When copying, you can also use either the ADF or the flatbed scanner. When resizing, you have a wide range of options, from preset values to custom resizing (from 25 to 400 percent). You can also print 2x2, 3x3, and 4x4 poster prints, which will print just a portion of the original on each sheet. You can then piece the prints together to form a large poster version of your original document. On the flip side, you can do an image-repeat copy, with 4, 9, or 16 copies of the same image on a single sheet. If you're copying a multipage document and want to save paper, you can make an N-up copy, which will print multiple pages on a single sheet, up to 8. Finally, you can change the standard settings, such as copy quality, paper size, paper type, and so on.
If you choose to initiate scans directly from the X5470, you have a few options. You can scan to a file, to an e-mail, or to your PC's clipboard. When scanning to a file, you can save the document as a JPEG, a bitmap, a TIFF, or a PDF, among other file types. You have more options if you initiate a scan through Lexmark's Imaging Studio utility. Here, you can change settings such as resolution and color depth, specify a particular area to be scanned, use the optical character recognition feature to scan a text document as an editable file, and scan into particular programs. Both Pixmas offer a similar set of features, minus the fax capability, of course.

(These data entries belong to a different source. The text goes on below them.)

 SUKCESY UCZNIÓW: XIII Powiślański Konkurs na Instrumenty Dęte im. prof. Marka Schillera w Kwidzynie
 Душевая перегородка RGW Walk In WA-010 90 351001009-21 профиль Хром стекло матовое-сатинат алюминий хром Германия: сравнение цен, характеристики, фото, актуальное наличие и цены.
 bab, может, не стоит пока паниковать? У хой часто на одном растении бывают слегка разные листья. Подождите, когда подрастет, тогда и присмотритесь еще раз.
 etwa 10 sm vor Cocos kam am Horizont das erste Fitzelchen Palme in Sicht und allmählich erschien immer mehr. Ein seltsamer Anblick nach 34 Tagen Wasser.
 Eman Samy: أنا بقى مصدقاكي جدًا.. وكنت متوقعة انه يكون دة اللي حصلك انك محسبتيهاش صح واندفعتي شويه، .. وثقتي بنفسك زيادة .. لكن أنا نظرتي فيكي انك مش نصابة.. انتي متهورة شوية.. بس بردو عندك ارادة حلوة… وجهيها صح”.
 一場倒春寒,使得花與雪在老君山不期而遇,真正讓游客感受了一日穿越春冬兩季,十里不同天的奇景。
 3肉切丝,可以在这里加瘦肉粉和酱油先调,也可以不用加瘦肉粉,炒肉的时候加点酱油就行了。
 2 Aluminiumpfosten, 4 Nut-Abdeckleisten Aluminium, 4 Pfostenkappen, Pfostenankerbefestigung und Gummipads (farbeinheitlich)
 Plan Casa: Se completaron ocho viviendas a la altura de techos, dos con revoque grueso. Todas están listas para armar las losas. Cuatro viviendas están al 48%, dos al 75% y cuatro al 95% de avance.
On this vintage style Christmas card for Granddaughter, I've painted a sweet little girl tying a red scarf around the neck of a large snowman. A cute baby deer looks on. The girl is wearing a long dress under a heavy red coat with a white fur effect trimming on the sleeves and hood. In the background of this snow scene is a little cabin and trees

Finally, using the built-in PictBridge port and media card slots, you can transfer photos between different locations or just print photos, without touching your PC. The PictBridge USB port also accepts USB-based flash thumbdrives, so you can transfer photos from either a memory card or a flash drive to your PC or transfer from a memory card to a flash drive. Using the Photo Card menu, you can print a proof sheet of all the photos on a card, just the 20 most recent photos, or a subset of photos designated by date. The last two options are especially helpful because you can't preview photos on the screen as you can on the Brother MFC-440cn and the Canon Pixma MP460 printers. Once you've printed proof sheets, simply bubble in the photos you want to print and scan the sheet using the scanner. Only the photos you chose will be printed. If you want to print photos without first printing a proof sheet, you also have the option to print all the photos, just the last 20, or the images shot within a particular date range. Other options include photo effects such as red-eye reduction, automatic image enhancement, and color effects (sepia, antique gray, and so on); paper size; paper type; paper quality; and layout (one-up, two-up, and so forth).